Methodological Challenges in Computational Text Analysis

Computational text analysis is a field that uses computational methods (primarily from natural language processing and machine learning) to answer research questions about large collections of text data (e.g. news articles, court documents, social media posts, congressional speeches, electronic health records etc.). In this talk, I will discuss two recent projects that address methodological challenges in computational text analysis research. First, computational text analysis often relies on supervised classifiers to infer aggregate measures of groups of documents (for example, the proportion of Tweets that have positive sentiment towards a politician each day), a task called “prevalence estimation.” I show that previous methods that aggregate and adjust discriminative classifiers are biased and develop a novel hybrid discriminative-generative model which is more robust to prevalence shifts between training and testing. Second, most computational text analysis methods have focused on descriptive measurements of corpora or predictive tasks, but social research is often concerned with causal inference. I will describe our new quasi-experimental design framework for causal text matching which involves computing distance scores between pairs of texts via supervised text classifiers and unsupervised embedding representations. I apply this method to a dataset of scraped Reddit comments and estimate the effects of deleting comments on Reddit users’ behavior.

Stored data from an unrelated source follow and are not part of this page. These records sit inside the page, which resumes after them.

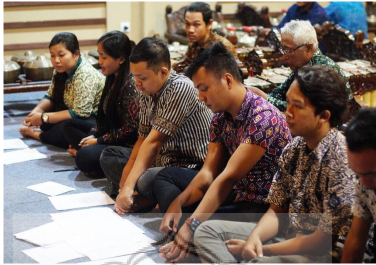
Gambar 3. Penyaji Saat Ujian Kelayakan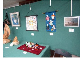
個人作品水墨画短歌綴・他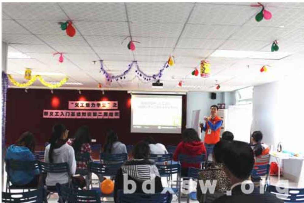
义工基础知识培训中

元岗街家庭综合服务中心社工于 2014 年 3 月 22 日上午开展第二期 “义工魅力学堂” 之新义工入门基础知识培训，该培训主要面向未参与义工服务及未参与义工基础培训的义工。旨在通过培训提高义工们对于“义工服务”基础概念的认识，进一步明确自己做义工的期望，为社工与义工进行互动交流提供了平台。本次培训吸引了 16 名义工学员参与，其中 14 名义工学员为本地居民义工。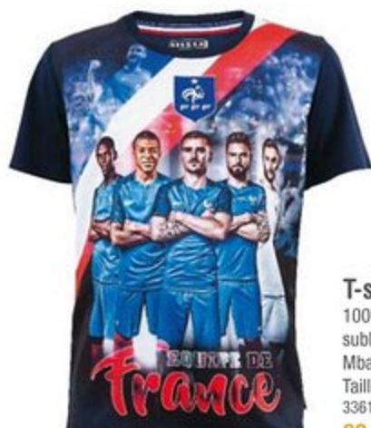
T-shirt Players 100% polyester avec marquage en sublimation reprenant un visuel de Pogba, Mbappé, Griezmann, Giroud et Lloris. Taille de 6 à 12 ans. 336117 20-25 €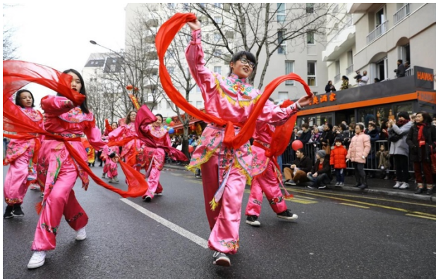
Inspiration pour les couleurs et un ruban autour d'un carnaval asiatique

Si le dôme et le plateau tournant invitent déjà les spectateurs au voyage, la scénographie de l'ensemble du spectacle ne doit pas être laissée en reste. Chaque étape du voyage de Rita sera l'occasion de proposer au public un tableau immersif. Plusieurs pistes sont en cours de réflexion et un travail de recherche sur chacune d'elle sera mené lors des temps de résidence : le désert marocain et les touaregs, un carnaval asiatique, les tribus aborigènes australiennes et les rainbow serpent, les inuits et la tradition du katajaniq (chant de gorge). Ces tableaux seront symbolisés par plusieurs accessoires, costumes ainsi qu'un travail de lumière et de son. La comédienne se mettra alors dans la peau des peuples rencontrés par Rita par le jeu théâtral, la danse, le chant ou les arts visuels (plastiques notamment).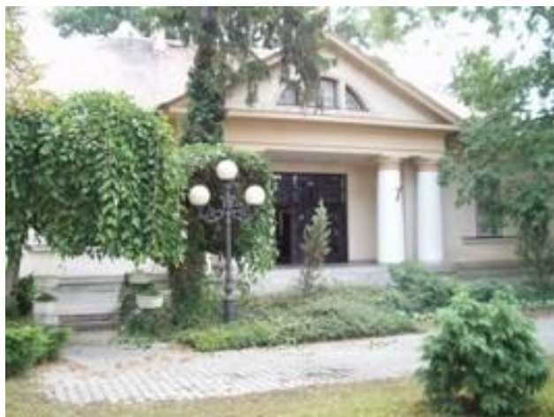
Budova primátorského úradu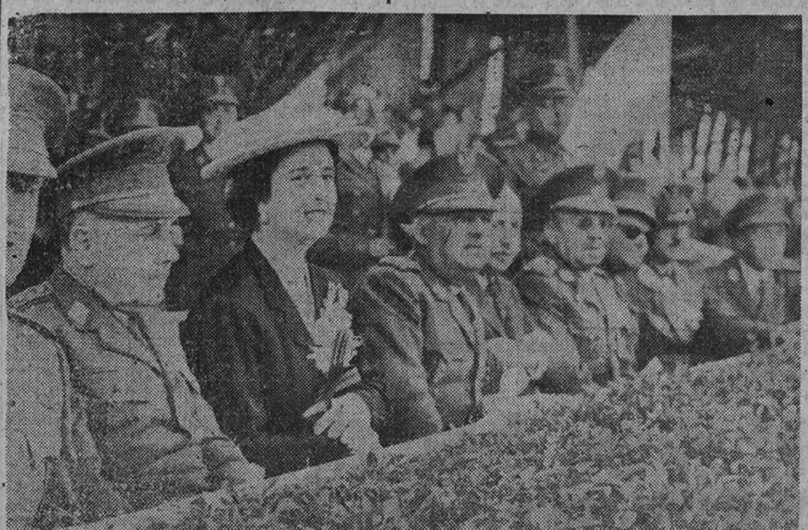
Su Excelencia el Generalísimo, acompañado de su esposa, el embajador de Portugal y varias jerarquías militares, presenciando el desarrollo de la prueba, en la que se disputó la Copa por el donado, correspondiente al Concurso Hípico Internacional que se celebró en la pista de la Casa de Campo.

(Amplia información en la página de deportes.)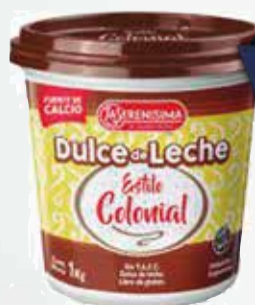
D.LECHE LA SERENISIMA COLONIAL 1KG (exp. Com. Rivadavia y Bariloche) Pcio.x kg/l: 7599,90 Cod: 21768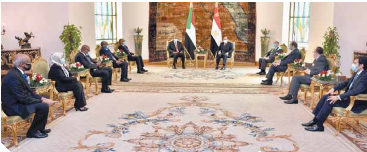
الرئيس السيسى خلال اجتماعه أمس برئيس المجلس السيسى السودانى

من جهة أخرى، اجتمع أمس وزراء الخارجية والرى لدول مصر والسودان وإثيوبيا، لاستئناف مفاوضات سد النهضة، بعد توقف شهرين. وأكد المهندس محمد السباعى المتحدث باسم وزارة الموارد المائية أن مصر تمتلك شواهد وثابتة ونقاط قانونية وفنية مهمة، ومستعدة للتفاوض بجدية لإنجاح هذه المحادثات من أجل اتفاق عادل ومتوازن، يحقق مصالح الدول الثلاث. ومن ناحية أخرى شارك سامح شكرى وزير الخارجية فى الاجتماع الوزارى القادم الذى دعت اليه جنوب إفريقيا.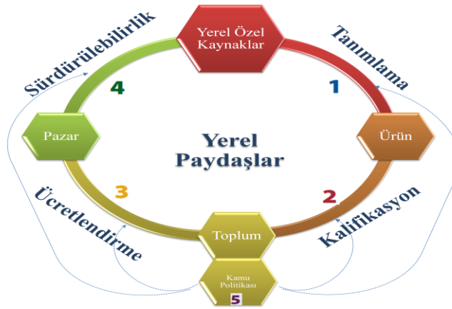
Şekil 4. Coğrafi işaretlerde ürünün menşine dayalı olarak oluşturulan kalite-değer döngüsü (Vandecandelaere vd., 2009)

Coğrafi işaretlere bağlı Yerel Ekonomik Kalkınma (YEK) modelinin oluşturulmasında coğrafi işaretin etkin olarak kullanılabilmesi için şekil 4'te sunulan döngünün etkin bir şekilde işlemesi gerekmektedir. Burada coğrafi işaret sisteminin oluşmasında ana noktada yerel paydaşlar bulunmaktadır. Coğrafi işarete sahip ürünün arz ve değer zinciri üzerindeki paydaşlar belirlenmeli ve rolleri ortaya konulmalıdır.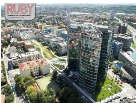
Praha 4 | Želetavská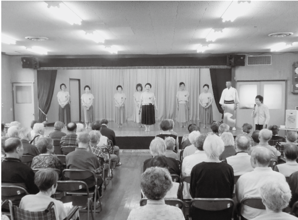
～桜雅会の慰問（機能回復訓練室にて）～

Katherine Keith is a fourth-year PhD student in the College of Information and Computer Sciences at the University of Massachusetts Amherst. Her research with her advisor, Brendan O’Connor, focuses on computational text analysis, natural language processing, and machine learning. She graduated summa cum laude from Lewis & Clark College in Portland, Oregon in 2015 with a degree in Mathematics and a minor in Chinese. After her undergraduate, she received a Fulbright English Teaching Assistantship and taught in Kinmen, Taiwan for twelve months before beginning her graduate degree. She was awarded a Bloomberg Data Science PhD fellowship in 2019.